TASK GOAL => Transcribe the whole listing below without changing a word, but leave out every image.

RAW DATA =>
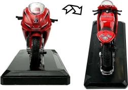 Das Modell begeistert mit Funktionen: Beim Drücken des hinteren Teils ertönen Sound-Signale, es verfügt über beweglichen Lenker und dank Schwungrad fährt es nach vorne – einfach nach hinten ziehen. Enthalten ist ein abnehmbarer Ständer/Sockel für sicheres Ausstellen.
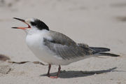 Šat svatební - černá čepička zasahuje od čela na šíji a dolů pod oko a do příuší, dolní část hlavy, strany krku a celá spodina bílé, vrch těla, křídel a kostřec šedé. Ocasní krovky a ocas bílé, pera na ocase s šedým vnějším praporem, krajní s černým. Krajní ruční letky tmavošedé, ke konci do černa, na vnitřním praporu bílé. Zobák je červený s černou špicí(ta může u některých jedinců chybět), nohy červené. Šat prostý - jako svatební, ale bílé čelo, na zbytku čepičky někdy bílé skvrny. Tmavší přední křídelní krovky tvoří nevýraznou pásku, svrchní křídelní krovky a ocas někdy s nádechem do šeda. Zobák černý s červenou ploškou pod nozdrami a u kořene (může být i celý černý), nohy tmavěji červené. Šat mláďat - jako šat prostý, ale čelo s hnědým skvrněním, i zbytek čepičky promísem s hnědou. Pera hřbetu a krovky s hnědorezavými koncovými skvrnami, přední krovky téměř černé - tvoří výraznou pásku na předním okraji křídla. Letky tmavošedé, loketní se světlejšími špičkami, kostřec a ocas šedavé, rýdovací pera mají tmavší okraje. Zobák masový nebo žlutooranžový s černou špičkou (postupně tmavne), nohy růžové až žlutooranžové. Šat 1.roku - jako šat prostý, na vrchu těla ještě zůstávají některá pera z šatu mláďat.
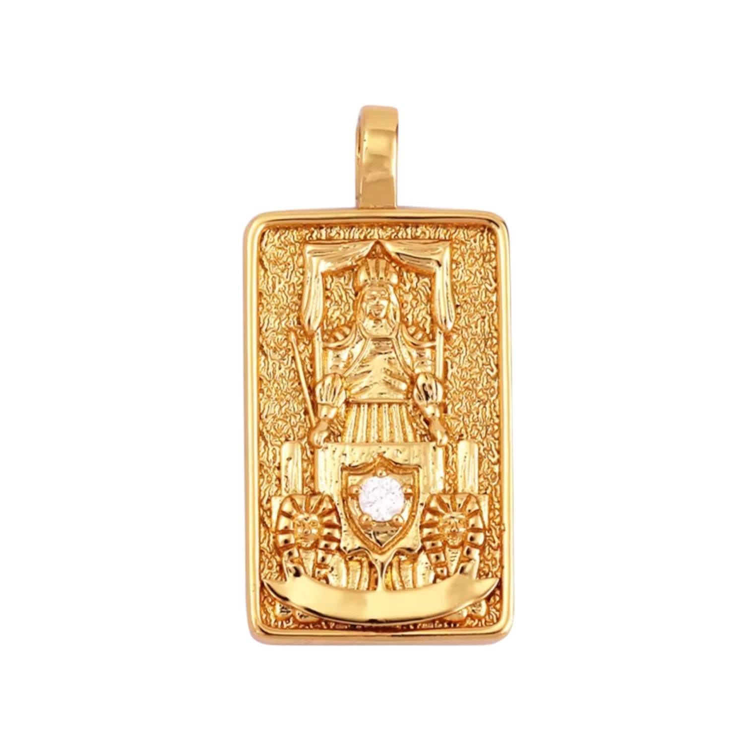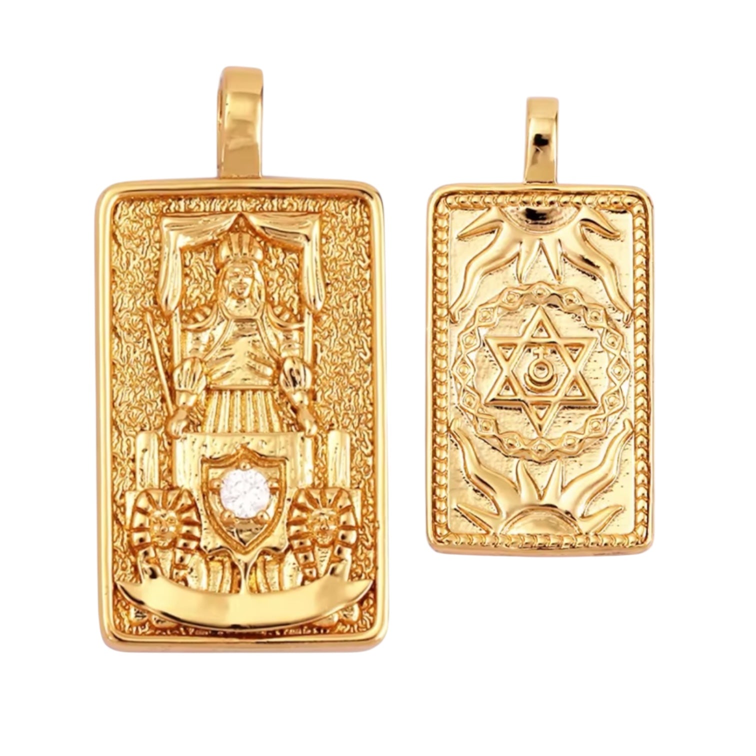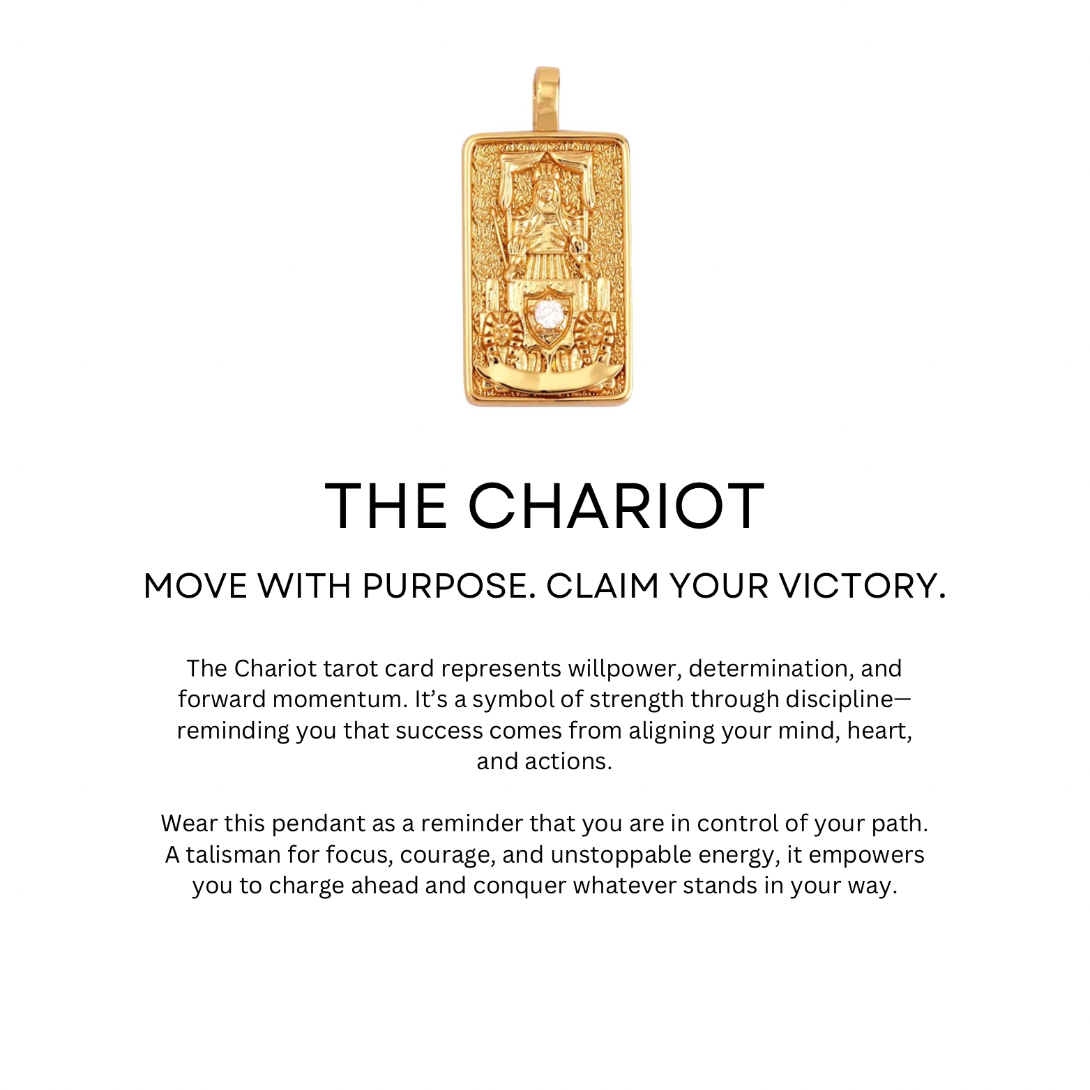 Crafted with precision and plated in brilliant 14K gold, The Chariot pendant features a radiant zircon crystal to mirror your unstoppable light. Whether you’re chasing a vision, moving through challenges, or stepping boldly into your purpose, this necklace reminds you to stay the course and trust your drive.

YOUR SOLUTION =>
 Das Modell begeistert mit Funktionen: Beim Drücken des hinteren Teils ertönen Sound-Signale, es verfügt über beweglichen Lenker und dank Schwungrad fährt es nach vorne – einfach nach hinten ziehen. Enthalten ist ein abnehmbarer Ständer/Sockel für sicheres Ausstellen.
 Šat svatební - černá čepička zasahuje od čela na šíji a dolů pod oko a do příuší, dolní část hlavy, strany krku a celá spodina bílé, vrch těla, křídel a kostřec šedé. Ocasní krovky a ocas bílé, pera na ocase s šedým vnějším praporem, krajní s černým. Krajní ruční letky tmavošedé, ke konci do černa, na vnitřním praporu bílé. Zobák je červený s černou špicí(ta může u některých jedinců chybět), nohy červené. Šat prostý - jako svatební, ale bílé čelo, na zbytku čepičky někdy bílé skvrny. Tmavší přední křídelní krovky tvoří nevýraznou pásku, svrchní křídelní krovky a ocas někdy s nádechem do šeda. Zobák černý s červenou ploškou pod nozdrami a u kořene (může být i celý černý), nohy tmavěji červené. Šat mláďat - jako šat prostý, ale čelo s hnědým skvrněním, i zbytek čepičky promísem s hnědou. Pera hřbetu a krovky s hnědorezavými koncovými skvrnami, přední krovky téměř černé - tvoří výraznou pásku na předním okraji křídla. Letky tmavošedé, loketní se světlejšími špičkami, kostřec a ocas šedavé, rýdovací pera mají tmavší okraje. Zobák masový nebo žlutooranžový s černou špičkou (postupně tmavne), nohy růžové až žlutooranžové. Šat 1.roku - jako šat prostý, na vrchu těla ještě zůstávají některá pera z šatu mláďat.
 Crafted with precision and plated in brilliant 14K gold, The Chariot pendant features a radiant zircon crystal to mirror your unstoppable light. Whether you’re chasing a vision, moving through challenges, or stepping boldly into your purpose, this necklace reminds you to stay the course and trust your drive.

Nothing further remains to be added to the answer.